Two Python clients dominate ClickHouse integration: clickhouse-connect and clickhouse-driver. They differ at the protocol level in ways that affect deployment, performance, and operational complexity. clickhouse-connect (maintained by ClickHouse, Inc.) communicates over HTTP/HTTPS using ports 8123 and 8443. clickhouse-driver is a community-maintained library that speaks the native TCP binary protocol on ports 9000 and 9440. The native protocol has a more compact wire format and can be faster for large result sets, but HTTP is easier to route through proxies, load balancers, and firewalls - and it's what ClickHouse Cloud exposes by default. For new projects, clickhouse-connect is the straightforward choice: it's actively maintained by the people running the database, it handles ClickHouse Cloud authentication out of the box, and its Pandas integration is first-class.

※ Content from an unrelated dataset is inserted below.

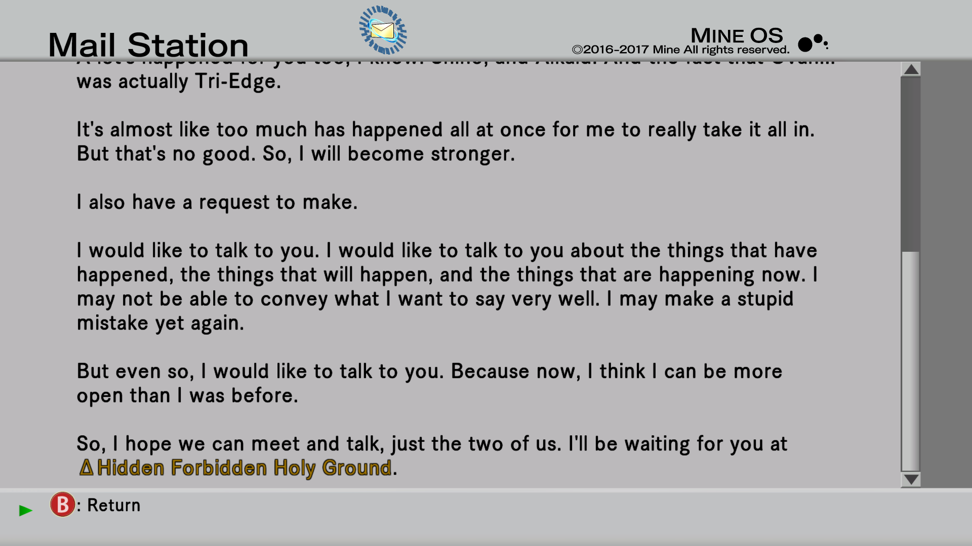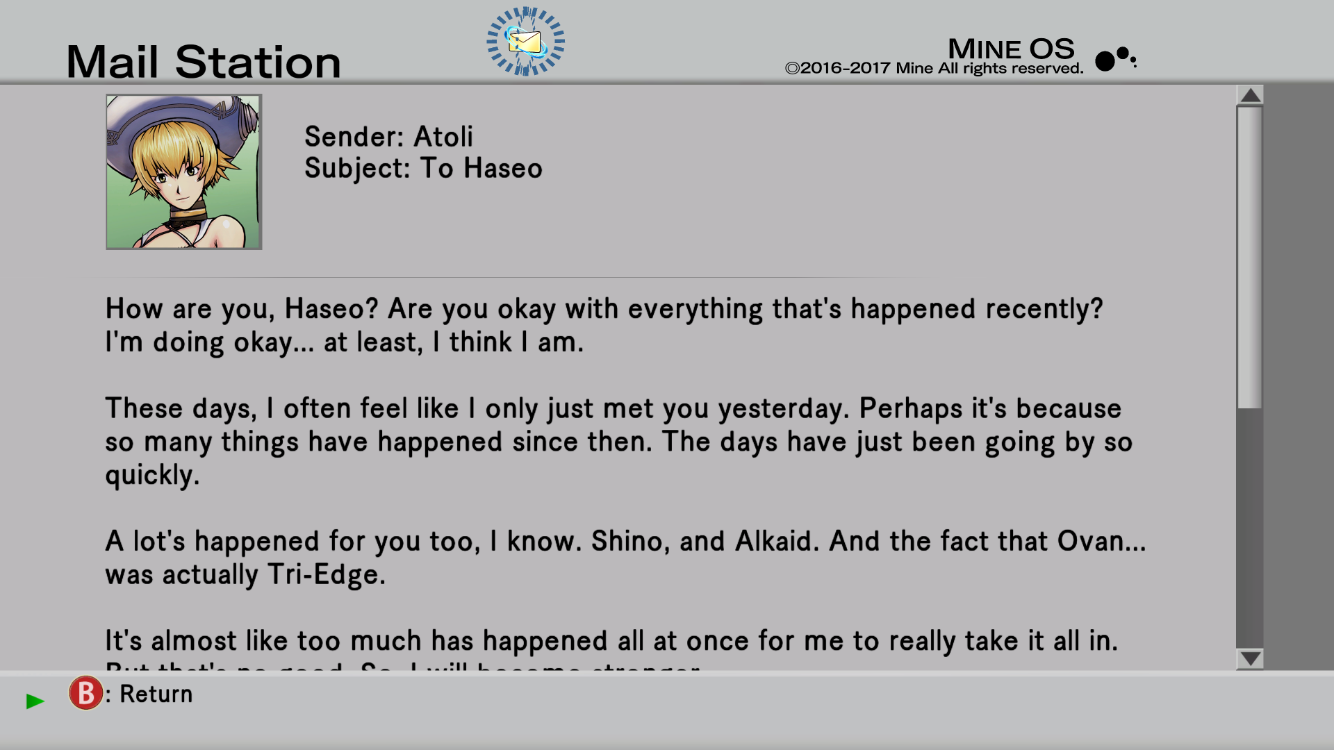 But yeah I think if you do this exact ending, just immediately teleport to the Ovan fight, skip Yata's exposition, and then jump to Atoli's e-mail and the final scene

Install it with pip install clickhouse-connect. The library requires Python 3.9 or higher. If you need Pandas support, install pandas and numpy separately - they're optional dependencies.

Connecting and Running Queries

Creating a client is a single function call. For a local instance:

import clickhouse_connect

client = clickhouse_connect.get_client(
    host='localhost',
    port=8123,
    username='default',
    password='',
)

For ClickHouse Cloud, TLS is mandatory and the port is 8443:

client = clickhouse_connect.get_client(
    host='abc123.us-east-1.aws.clickhouse.cloud',
    port=8443,
    username='default',
    password='your_password',
)

The client uses connection pooling internally via urllib3. You don't manage connections manually - a single client instance is safe to use across a multi-threaded application. What catches people off guard on ClickHouse Cloud is certificate verification. The library uses Python's certifi bundle by default. If you're connecting to a self-managed instance with a self-signed certificate, pass verify=False or point ca_cert at your CA file. On Cloud, leave verification enabled.

Running queries returns a QueryResult object. The raw rows are in result_rows as a list of tuples, with column names accessible from column_names:

result = client.query('SELECT name, engine, total_rows FROM system.tables LIMIT 10')

for row in result.result_rows:
    print(row)

# Access column metadata
print(result.column_names)  # ('name', 'engine', 'total_rows')

For DDL and other commands that don't return rows, use command():

client.command('''
    CREATE TABLE IF NOT EXISTS events (
        event_id  UInt64,
        user_id   UInt32,
        event_ts  DateTime,
        payload   String
    ) ENGINE = MergeTree()
    ORDER BY (event_ts, user_id)
''')

Pandas Integration

clickhouse-connect has native Pandas support through query_df() and insert_df(). query_df() returns a DataFrame directly without an intermediate conversion step:

df = client.query_df(
    'SELECT user_id, count() AS events, max(event_ts) AS last_seen '
    'FROM events GROUP BY user_id'
)

print(df.dtypes)
print(df.head())

ClickHouse types map to Pandas/NumPy dtypes automatically. UInt32 becomes uint32, DateTime becomes datetime64[s] (in pandas 2.x; earlier pandas versions used datetime64[ns]), Float64 becomes float64. Nullable columns map to the object dtype because Pandas' integer types don't natively support NULL in the same way ClickHouse does. If you're doing downstream arithmetic on nullable integer columns, you may need to call .astype('Int64') (capital I - the pandas nullable integer type) after the query, or handle NaN values explicitly.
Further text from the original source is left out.